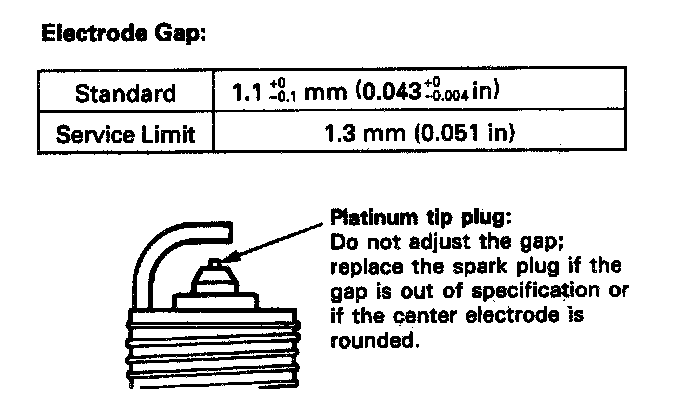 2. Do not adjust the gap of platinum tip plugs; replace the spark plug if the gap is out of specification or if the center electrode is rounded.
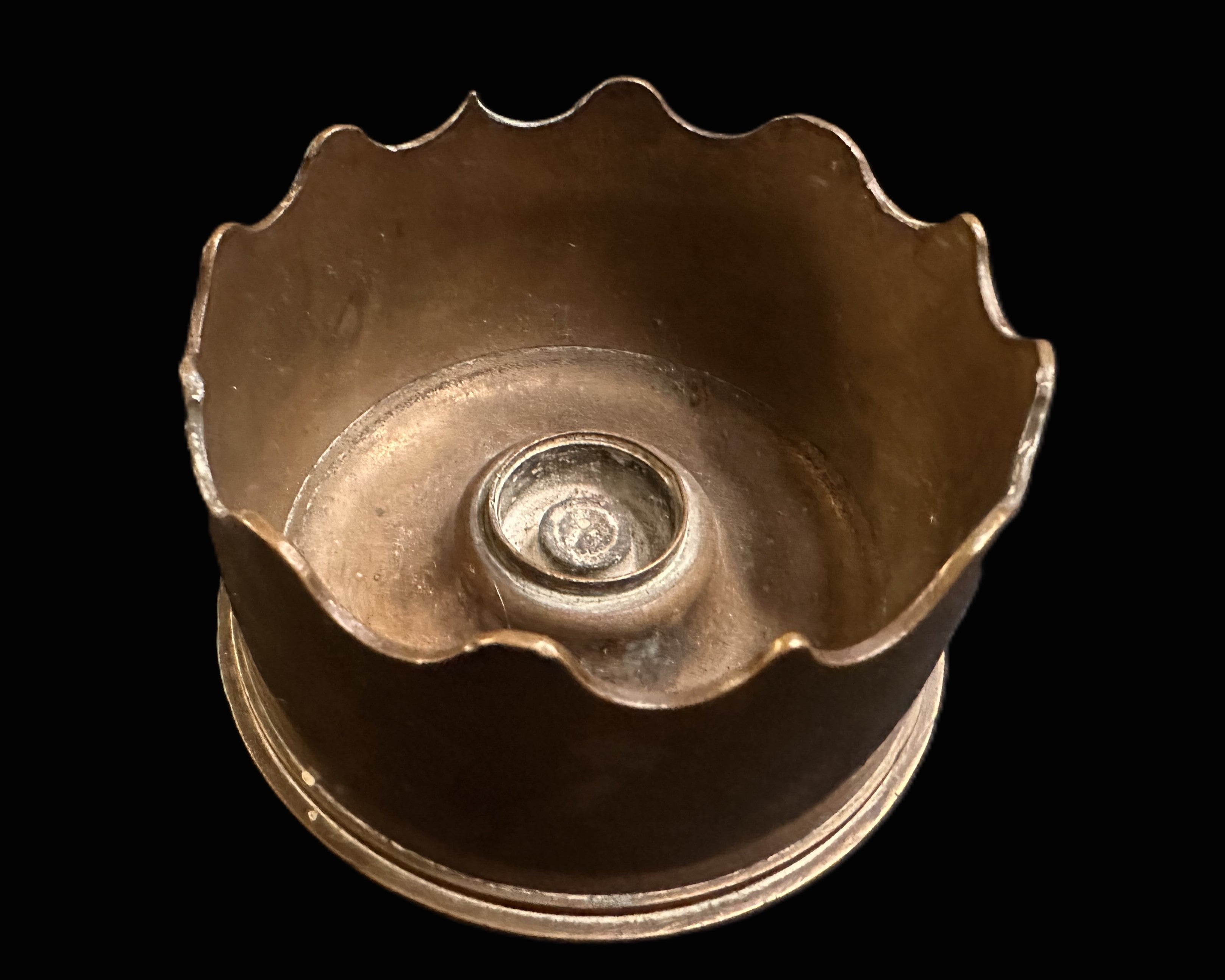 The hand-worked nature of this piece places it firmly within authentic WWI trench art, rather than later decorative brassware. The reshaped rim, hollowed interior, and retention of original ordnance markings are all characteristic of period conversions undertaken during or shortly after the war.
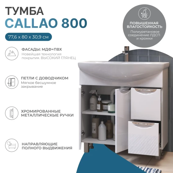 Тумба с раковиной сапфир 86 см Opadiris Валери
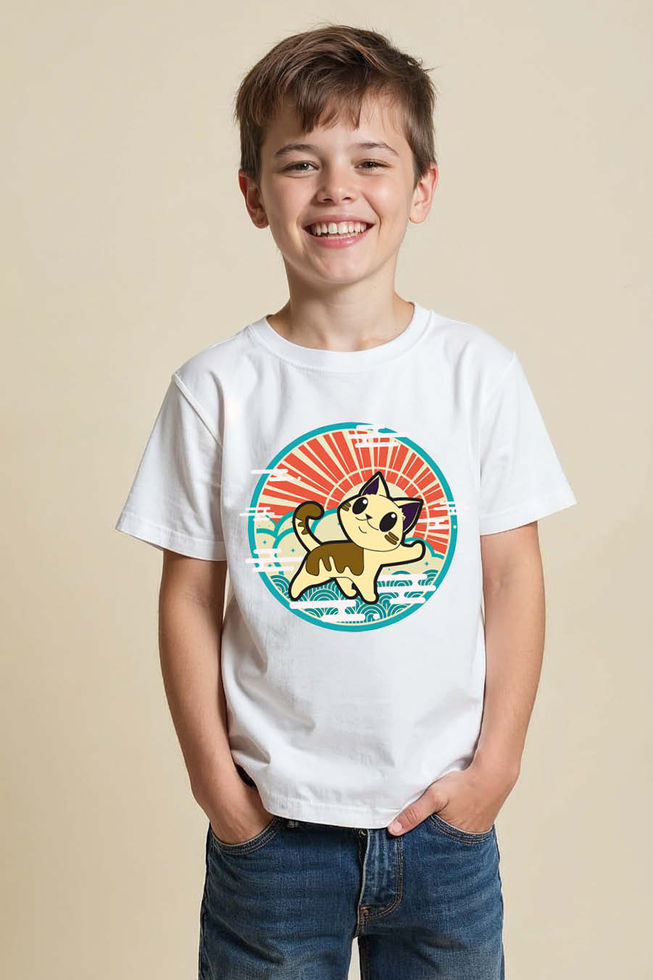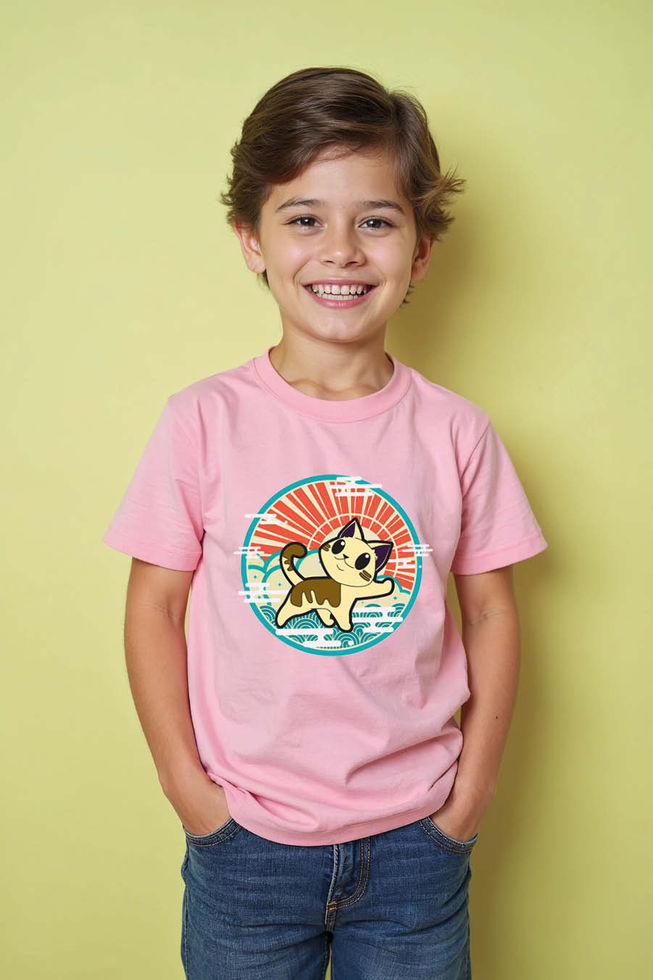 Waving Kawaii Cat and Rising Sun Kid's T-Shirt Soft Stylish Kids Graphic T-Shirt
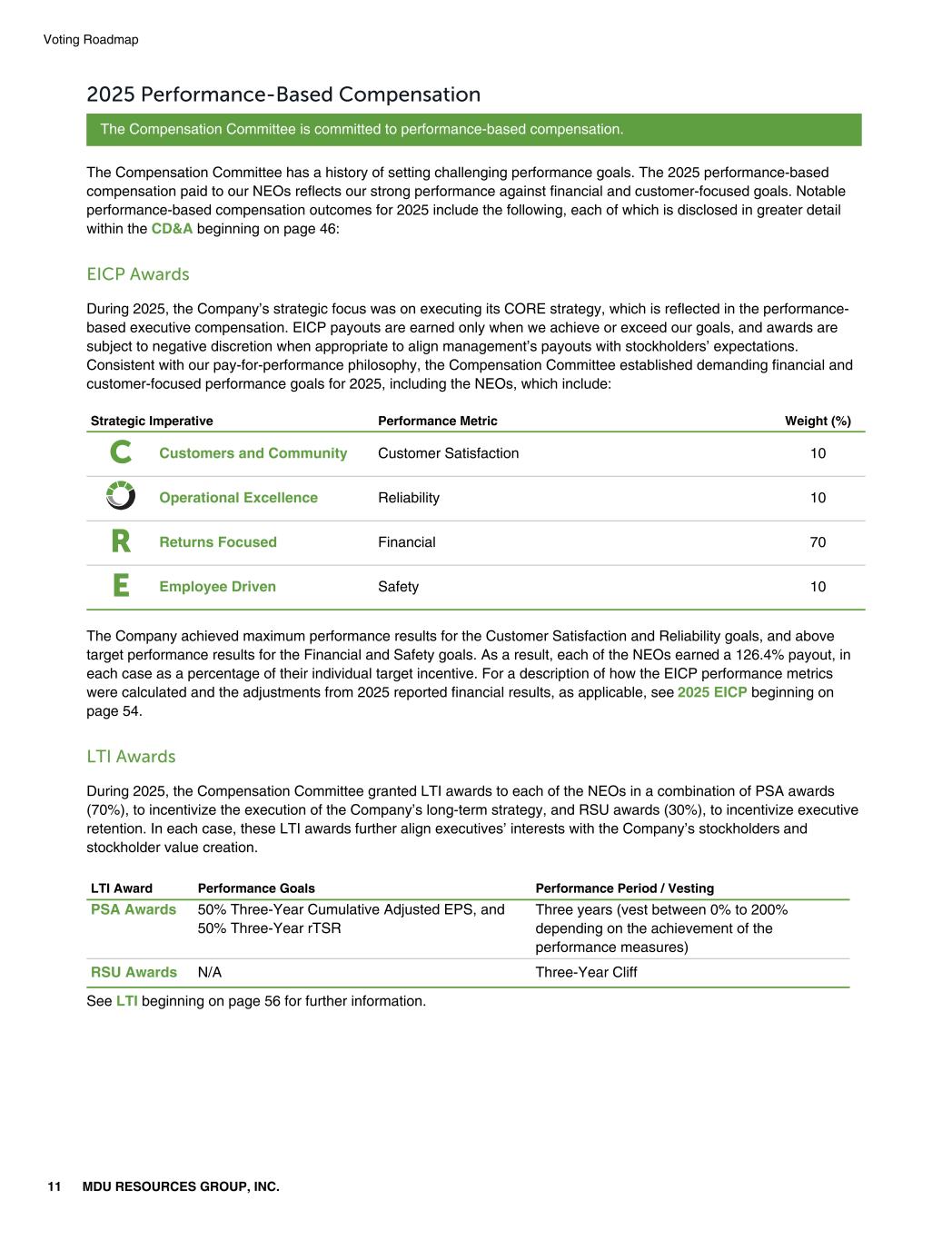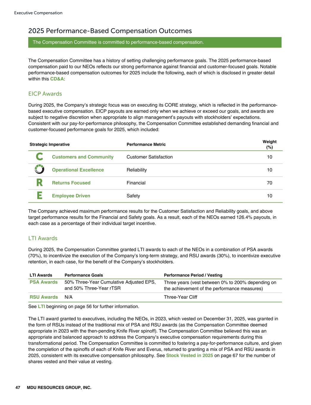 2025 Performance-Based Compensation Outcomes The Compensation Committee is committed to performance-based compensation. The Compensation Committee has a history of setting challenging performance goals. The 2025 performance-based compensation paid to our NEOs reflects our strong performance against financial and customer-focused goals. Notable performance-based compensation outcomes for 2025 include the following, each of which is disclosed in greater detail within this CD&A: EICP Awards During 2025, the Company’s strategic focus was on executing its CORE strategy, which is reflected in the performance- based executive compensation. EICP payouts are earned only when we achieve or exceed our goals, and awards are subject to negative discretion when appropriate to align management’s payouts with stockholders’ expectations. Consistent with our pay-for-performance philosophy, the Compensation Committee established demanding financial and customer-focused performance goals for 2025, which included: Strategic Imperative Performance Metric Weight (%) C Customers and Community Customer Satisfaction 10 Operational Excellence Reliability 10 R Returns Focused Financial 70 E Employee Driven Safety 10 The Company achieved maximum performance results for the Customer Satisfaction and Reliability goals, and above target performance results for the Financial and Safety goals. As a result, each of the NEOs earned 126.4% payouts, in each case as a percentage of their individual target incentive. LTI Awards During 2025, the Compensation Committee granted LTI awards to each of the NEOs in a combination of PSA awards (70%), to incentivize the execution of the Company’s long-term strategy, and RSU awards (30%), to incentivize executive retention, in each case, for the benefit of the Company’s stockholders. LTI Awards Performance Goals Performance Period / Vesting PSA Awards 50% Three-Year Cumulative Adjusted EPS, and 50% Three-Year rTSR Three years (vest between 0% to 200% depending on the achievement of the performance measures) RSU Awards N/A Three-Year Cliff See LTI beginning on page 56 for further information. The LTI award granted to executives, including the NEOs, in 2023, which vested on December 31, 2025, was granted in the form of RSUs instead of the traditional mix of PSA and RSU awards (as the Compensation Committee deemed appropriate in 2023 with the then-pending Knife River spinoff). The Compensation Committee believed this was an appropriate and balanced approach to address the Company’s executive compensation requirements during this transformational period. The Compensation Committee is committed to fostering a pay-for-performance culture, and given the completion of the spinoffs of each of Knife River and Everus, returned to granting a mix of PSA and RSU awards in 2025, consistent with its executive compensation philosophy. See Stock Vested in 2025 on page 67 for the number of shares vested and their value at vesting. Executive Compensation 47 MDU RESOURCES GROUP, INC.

#### YOUR TASK:
Within the entries above, give again exactly the lines starting at the one that contains "The hand-worked nature" and ending at the one that contains "Waving Kawaii Cat", leaving out the pictures.

#### WRITTEN SOLUTION:
 The hand-worked nature of this piece places it firmly within authentic WWI trench art, rather than later decorative brassware. The reshaped rim, hollowed interior, and retention of original ordnance markings are all characteristic of period conversions undertaken during or shortly after the war.
 Тумба с раковиной сапфир 86 см Opadiris Валери
 Waving Kawaii Cat and Rising Sun Kid's T-Shirt Soft Stylish Kids Graphic T-Shirt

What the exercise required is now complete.